Malte Hillmann; Felix Igelbrink; Thomas Wiemann
In: Proceedings of the 7th International Workshop on LowCost 3D. LowCost 3D - Sensors, Algorithms, Applications (LC3D-2022), December 15-16, Würzburg, Germany, ISPRS Archives, 2022.

Abstract

3D data of large scale environments are usually too large to be rendered on consumer hardware, although many approaches to reduce the amount of data exist. One example are octrees, that are used to subsample point cloud data. Over the last years, the Cesium engine has proven to be a good tool to stream geospatial data for rendering on low-cost hardware. Newer versions of the used Cesium 3D Tiles format also include support for 3D meshes. However, such meshes are seldom used in the context of rendering of large scale data. In this paper, we present an approach to generate large scale meshes for Cesium 3D Tiles.
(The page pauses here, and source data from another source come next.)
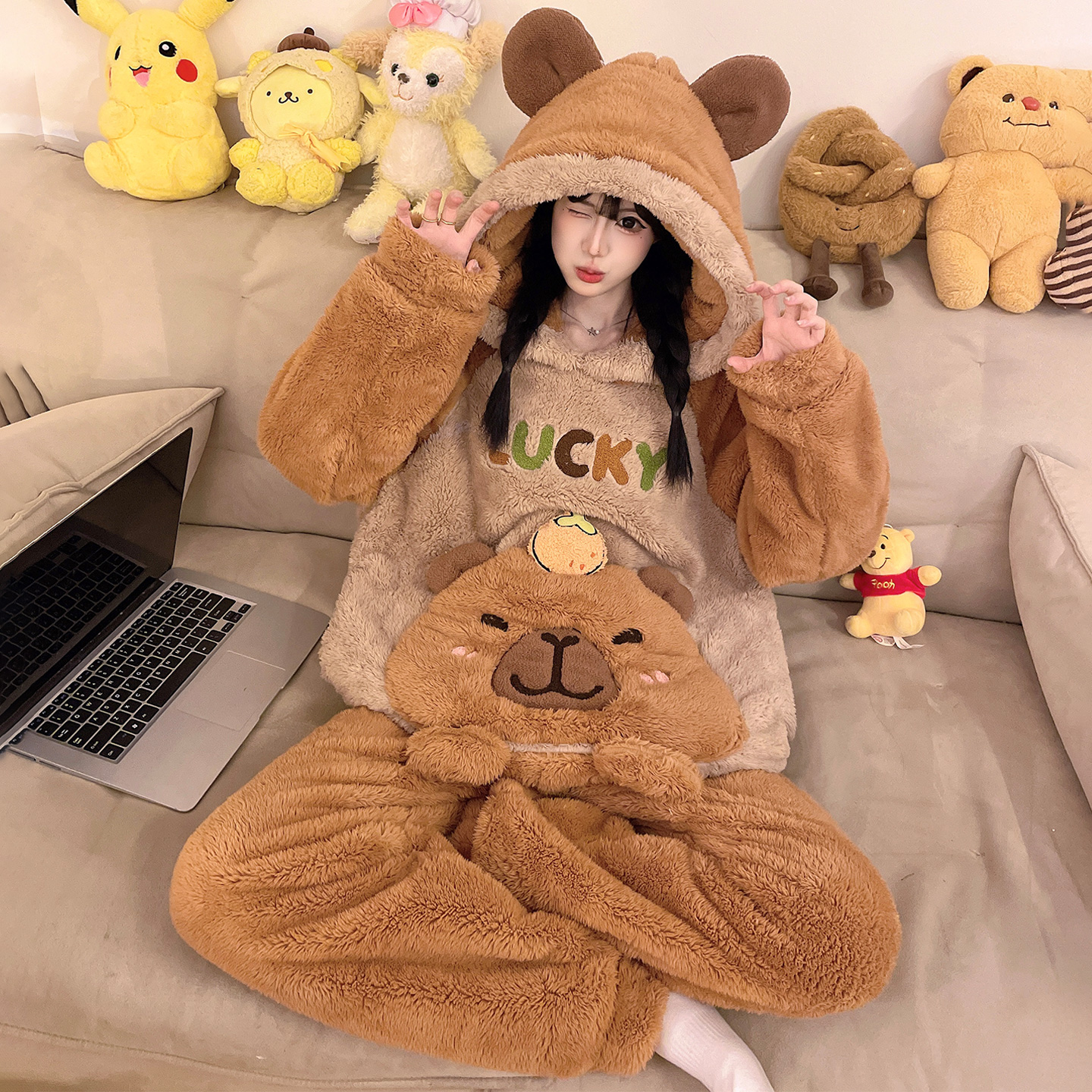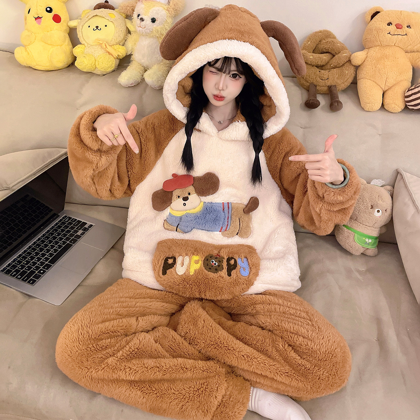 初中学生可爱法兰绒冬天家居服 加厚加绒珊瑚绒套装 睡衣女款 秋冬季
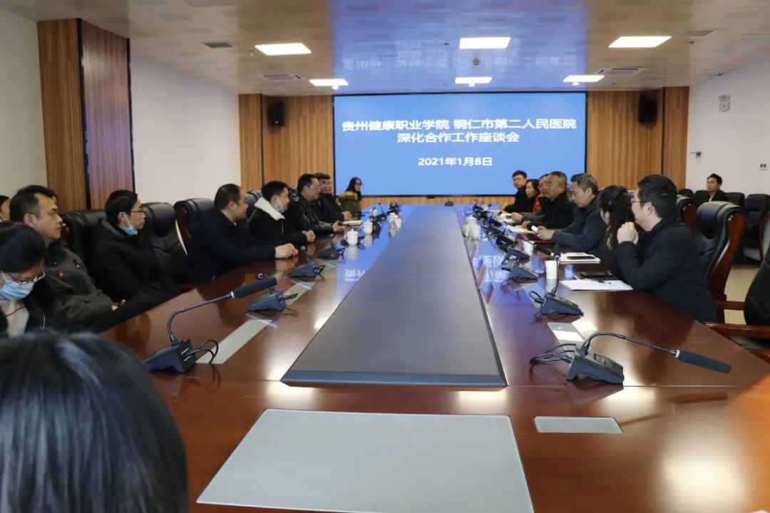 1月8日下午,铜仁市第二人民医院党委书记李陈一行40余人到我院考察调研并洽谈合作事宜。院党委副书记、院长吴国才主持召开双方深化合作工作座谈会,院党委委员、副院长陈太雄和院党委委员、党政办主任王晶韵出席,教务处、规划财务处、护理系、继续教育部负责人参加座谈会议。
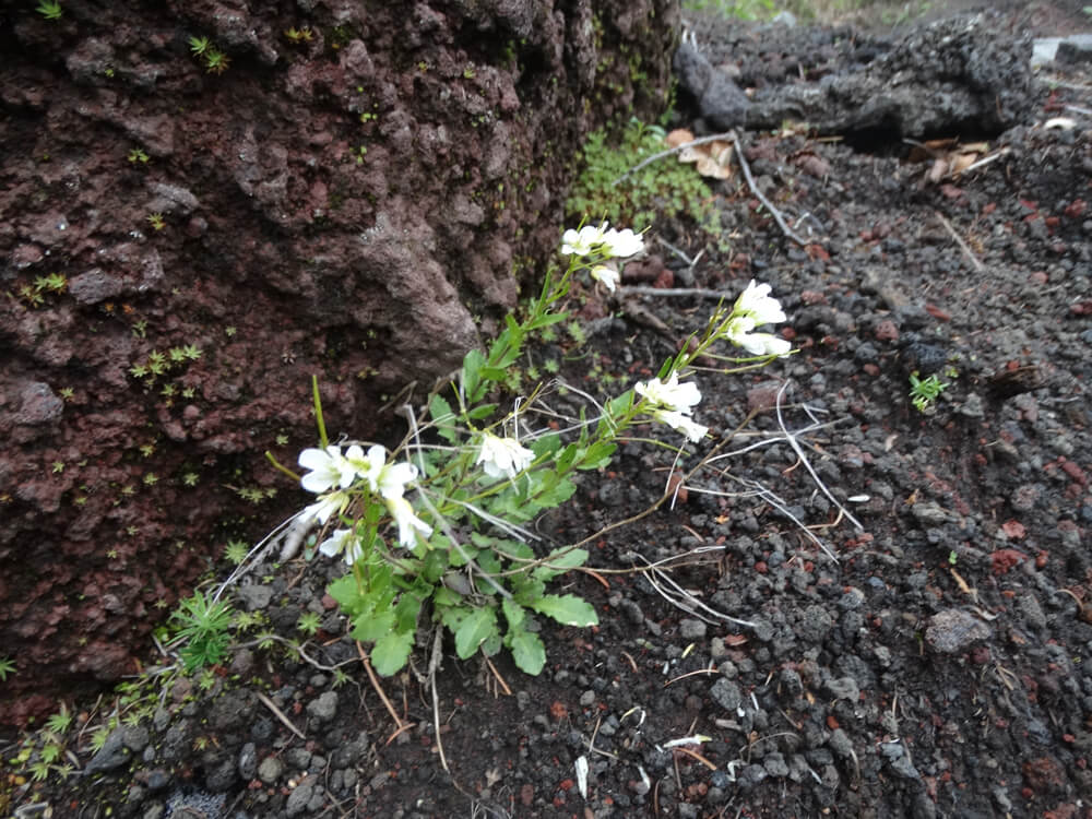 富士山の唯一の固有種です。茎の上部に咲く花は純白で、冬でも葉を枯らさない珍しい高山植物でもあります。
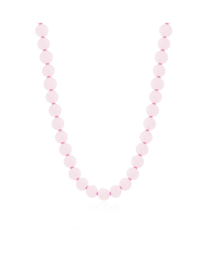The Lovery Rose Quartz Knotted Bead Necklace is in 14K Yellow Gold. Each Bead Measures: 8 millimeters - 0.31 inch. Chain length of 16 inches with an easy to use lobster clasp.
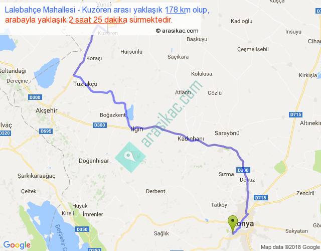 Lalebahçe Mahallesi - Kuzören arası yaklaşık olarak 90 km/h ile yukarıda belirtilen sürede olup, iki yerin kuş uçuşu uzaklığı (mesafesi) 112'dir. Yolculuk otobüsle 3 saat 8 dakika sürmektedir.
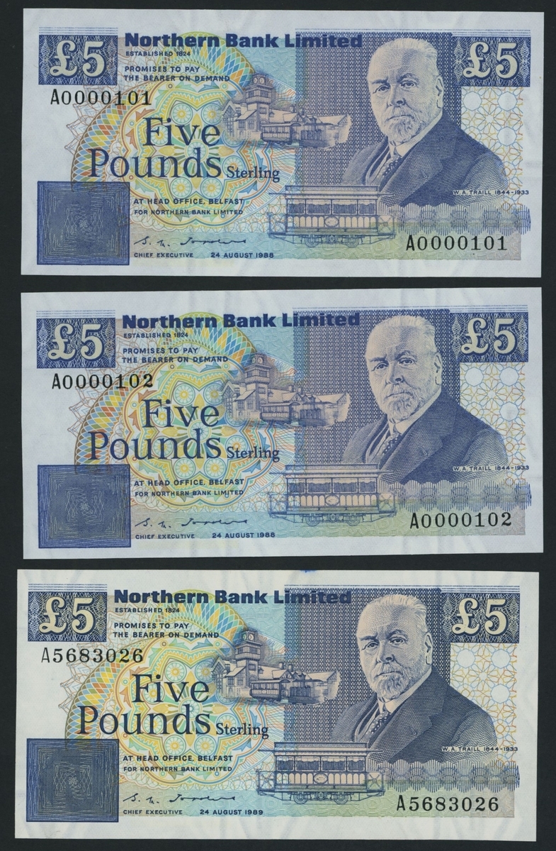 Northern Bank Limited, [3 notes], £5, 1988-1989, consecutive pair, 24th August 1988, serial number A0000101, 102,

The main advantage of generating such meshes over point clouds is that the amount of data transferred is significantly reduced. Our method is able to generate the required data to stream 3D meshes in the Cesium file format directly on consumer-grade hardware with a constant memory footprint, allowing us to generate surface reconstructions from arbitrarily large point clouds. Using the freely available web viewer offered by Cesium, the generated meshes can be deployed via a web server and rendered in a browser with the Cesium Viewer. All presented algorithms are freely available under the BSD 3-clause licence.